Tutorial | Time series forecasting (Visual ML)#

Get started#

Many machine learning problems often involve a time component. This temporal constraint introduces complexities that require careful analysis.

Dataiku offers various ways to implement time series modeling and forecasting. We’ll focus on Dataiku’s time series analysis functionality within the visual machine learning interface.

Objectives#

In this tutorial, you will:

  • Design a time series forecasting model using the visual ML interface.

  • Train and deploy a forecasting model to the Flow.

  • Use the Evaluate and Score recipes with a forecasting model.

Prerequisites#

  • A Dataiku instance (version 11 and above).

  • Basic knowledge of visual ML in Dataiku (ML Practitioner level or equivalent).

  • If not using Dataiku Cloud (where it is available by default), you’ll need a specific code environment including the required packages.

Create the project#

  1. From the Dataiku Design homepage, click + New Project > DSS tutorials > ML Practitioner > Visual Time Series Forecasting.

  2. From the project homepage, click Go to Flow (or g + f).

Note

You can also download the starter project from this website and import it as a zip file.

You’ll next want to build the Flow.

  1. Click Flow Actions at the bottom right of the Flow.

  2. Click Build all.

  3. Keep the default settings and click Build.

Explore the Flow#

For any kind of data, before ever building models, it is important to explore the data by plotting charts and performing statistical analyses. Time series data is no exception.

By exploring your time series data, you’ll understand its characteristics better. For example, you can get insights into the underlying trends, patterns, and correlations. These insights will guide your feature engineering and inform which kinds of algorithms that would be best suited for modeling the data.

Review the starting Flow#

After a few brief preparation steps, the train dataset in the starter project includes three columns of importance:

Column

Description

Ticker

Stores the stock symbol identifying three independent time series for the three airlines: American (AAL), Delta (DAL), and United (UAL).

Date

Stores weekly timestamps from 2008 to January 2022.

Adj_close

Stores the stock’s daily closing price we hope to predict or forecast.

Training dataset for the project.

Note

If building forecasting models later, note that the airline_stocks_prepared dataset contains all the training and validation data.
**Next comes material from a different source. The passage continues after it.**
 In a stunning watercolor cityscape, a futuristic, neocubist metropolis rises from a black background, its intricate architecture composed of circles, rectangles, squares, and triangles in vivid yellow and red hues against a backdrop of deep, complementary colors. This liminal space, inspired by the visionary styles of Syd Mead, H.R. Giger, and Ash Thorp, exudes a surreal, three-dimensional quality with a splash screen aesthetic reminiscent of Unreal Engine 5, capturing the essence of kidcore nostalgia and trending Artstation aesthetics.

This is helpful because Dataiku requires that the input datasets to the Evaluate and Scoring recipes include the historical (training) data used by the time series model.

Review the existing charts#

Plotting the data is a good initial step to see if you can observe any patterns in the time series, such as trends and seasonalities. This has already been done for you.
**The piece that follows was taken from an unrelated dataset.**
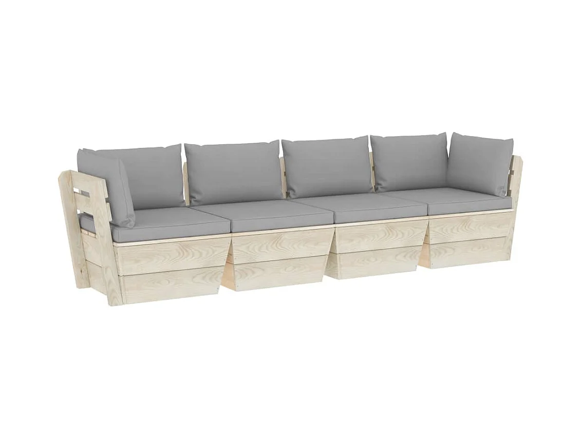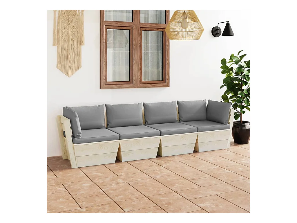 Canapé palette à 4 places de jardin avec coussins Bois d'épicéa

  1. Navigate to the Charts tab of the train dataset.

  2. Interactively explore the existing line plots.

Dataiku screenshot of the Charts tab of a time series dataset.

The plots show a dip in airline stock prices in early 2020 — likely due to the COVID pandemic. Also, there appears to be a general upward trend from 2009 to 2020 for the UAL and DAL time series, perhaps less so for AAL.

See also

See the tutorial on time series preparation for an exercise on visualizing time series data. More generally, you can find resources on charts in the Knowledge Base.

Design a forecasting model#

To build the time series model, we’ll use the train dataset. This dataset contains all time series data before January 1, 2022.

Tip

You’ll use the remaining time series values (occurring after January 1, 2022) as a validation set to evaluate the performance of your trained model. This validation set contains 18 weekly entries (or time steps) for each stock price time series.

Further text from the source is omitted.